Dave Pollard’s discovered that web design isn’t exactly an exercise in precision, and that his site looks very different as browsers and screen configurations change. He seems to be taking the lesson pretty hard.
In some ways, he’s echoing things I was saying a few days back. There are differences–I’ve been here before, and I’ve never aspired to detailed control of the screen. I care how the site looks, but the intention’s mainly to communicate. It’s always been enough, to me, that things look OK.
When I started building this site, I expected it to take a couple months to settle the design. That estimate would have been pretty accurate if I’d not changed software and hosting packages in mid-project. Essentially, I’m learning two platforms as I write–CSS, because I want to (my other site uses some CSS, but the layout there is controlled by tables); and CityDesk, which is “easy to use” (in a geeky way, I’d say) but packed with nooks and crannies which should keep me entertained for several months. I have a mental list of problems to solve, and am working through it a bit at a time.

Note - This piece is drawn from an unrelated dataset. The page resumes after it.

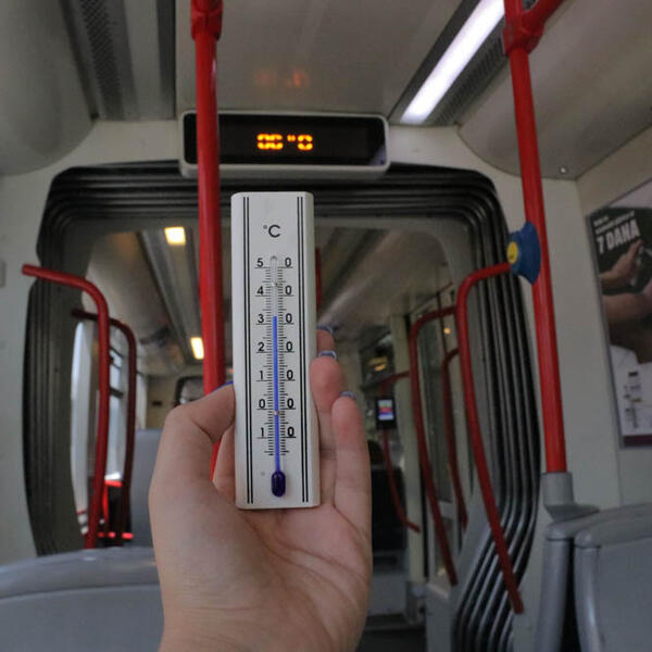Zatim smo odlučili da proverimo kakvo je stanje u tramvaju i ušli smo u 12-ticu koja je bila klimatizovana, ali ne dovoljno. Termometar je pokazao 32 stepena u tramvaju.

But there’s the problem, methinks. I’m a competent programmer, I’m an experienced web coder, and the problems of settling the website design and getting the sophisticated software to work are places I like to tinker. At the other end, Userland (and some of the other blog software and webspace providers) have made getting started simple, and are excellent products for folks who are satisfied to work within provided templates. It’s the folks who want to operate somewhere between those extremes who have problems, of course.
As the comments attached to Dave’s entry show, the problem is creating a design intended to accomodate folks who:
- may use a variety of browsers on a variety of screens,
- may read the site directly,
- may read it through any of dozens of accumulators,
- may print it out on at least two sizes of paper.
This is not an easy problem, and is the reason that HTML is designed to loosely control formatting. (Note: This paragraph is a rewrite of my comment in that thread.)
The object is to write, and to publish. The tools are tools. So are the design details.
Note to Dave Pollard: By all means, keep writing.
Link courtesy of Dave Winer/Scripting News.
Would have found it m’self, though; How to Save the World is one of my regular stops.